Students will have the chance to learn about food's role in Native American Culture through a cooking demonstration and talk at the UTA Central Library at Noon Monday, Nov. 14. 

Nico Albert Williams, the Owner and Executive Chief of Burning Cedar Indigenous Foods will share her insight and knowledge about these foods with students as a member of the Cherokee Nation of Oklahoma. 

The food Nico creates through her company specializes in traditional and modern Native American cuisine. Her work specializes in the revitalization of ancestral Indigenous foodways and promotes healing and wellness in the Native American community. Nico also educates people outside of the Native American community about Indigenous foods. 
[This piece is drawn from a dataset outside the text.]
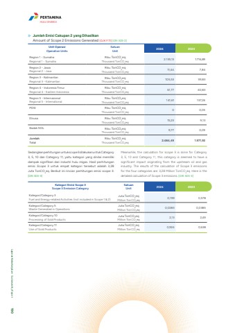 Sedangkan perhitungan untuk scope 3 dilakukan untuk Category 3, 5, 10 dan Category 11, yaitu kategori yang dinilai memiliki dampak signifikan dari industri hulu migas. Hasil perhitungan emisi Scope 3 untuk empat kategori tersebut adalah 3,28 Juta TonCO2eq. Berikut ini rincian perhitungan emisi scope 3:[GRI 305-3]Meanwhile, the calculation for scope 3 is done for Category 3, 5, 10 and Category 11, this category is deemed to have a significant impact originating from the upstream oil and gas industry. The results of the calculation of Scope 3 emissions for the four categories are: 3,28 Million TonCO2eq. Here is the detailed calculation of Scope 3 emissions. [GRI 305-3]Kategori Emisi Scope 3Scope 3 Emission Category SatuanUnit 2024 2023Kategori/Category 3 Fuel and Energy-related Activities (not included in Scope 1 & 2)Juta TonCO2eqMillion TonCO2eq0,199 0,578Kategori/Category 5 Waste Generated in OperationsJuta TonCO2eqMillion TonCO2eq0,0283 0,0385Kategori/Category 10 Processing of Sold ProductsJuta TonCO2eqMillion TonCO2eq2,13 2,49Kategori/Category 11 Use of Sold ProductsJuta TonCO2eqMillion TonCO2eq0,924 0,638Jumlah Emisi Cakupan 2 yang DihasilkanAmount of Scope 2 Emissions Generated [OJK F.11] [GRI 305-2]Unit OperasiOperation UnitsSatuanUnit 2024 2023Region 1 - SumatraRegional 1 - SumatraRibu TonCO2eqThousand TonCO2eq 2.139,13 1.716,89Region 2 - JawaRegional 2 - JavaRibu TonCO2eqThousand TonCO2eq 11,44 7,84Region 3 - KalimantanRegional 3 - KalimantanRibu TonCO2eqThousand TonCO2eq 105,53 59,83Region 4 - Indonesia TimurRegional 4 - Eastern IndonesiaRibu TonCO2eqThousand TonCO2eq 61,77 40,83Region 5 - InternasionalRegional 5 - InternationalRibu TonCO2eqThousand TonCO2eq 141,61 137,26PDSI Ribu TonCO2eqThousand TonCO2eq 0 0,05Elnusa Ribu TonCO2eqThousand TonCO2eq 15,23 9,13Badak NGL Ribu TonCO2eqThousand TonCO2eq 9,77 0,09JumlahTotalRibu TonCO2eqThousand TonCO2eq 2.484,49 1.971,92HULU ENERGILaporan Keberlanjutan %u2022 Sustainability Report 190

"What I usually do is a combination of the cooking demonstration, and I give an educational talk about what Native American food is because people are fairly unfamiliar with it being the original cuisine of this land," Nico said. "Some people might associate Indian tacos or frybread, but really there is so much more to Native American Foods than just foods like that. Those foods came about as we were being put on reservations and forced to make survival food with government rations." 
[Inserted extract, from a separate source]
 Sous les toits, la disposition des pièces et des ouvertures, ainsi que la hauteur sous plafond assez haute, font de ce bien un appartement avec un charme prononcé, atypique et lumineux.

Nico stated that there are so many ancestral foods that are beautiful and connected to the land, Native Americans' origin story and culture. The dishes she prepares reflect that story and are incorporated into the presentation. The dish Nico is looking to prepare for students at UTA is called Three Sisters' Stew. 
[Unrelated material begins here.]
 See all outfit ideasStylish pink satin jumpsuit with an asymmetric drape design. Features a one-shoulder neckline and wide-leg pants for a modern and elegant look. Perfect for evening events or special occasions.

"The three sisters are corn, beans and squash. We grow them together," Nico said. "Traditional Native American farming is not like the agriculture you see these days, where it is a monoculture where there are acres of one crop. That is not how Indigenous people farmed. We plant crops that support one another and add nutrients back into the soil." 

Nico explained that in the three sisters' farming method, the corn is planted first. 

The corn stalk becomes the support structure for the beans. The bean plants draw in nitrates from the air, which goes into their roots and the soil aiding the other plants. With its large leaves, the squash is planted last and shades the ground to keep moisture in it. It also keeps the ground cool for the plant's seeds and roots. 

At the end of the presentation, students will have the chance to taste the dish Nico has prepared throughout her talk. 

"I hope that the students will come away with a better understanding of what Native American food is and know a little bit more about Native American culture. How we relate to the land, plants, animals, water, air and land that we share," Nico said.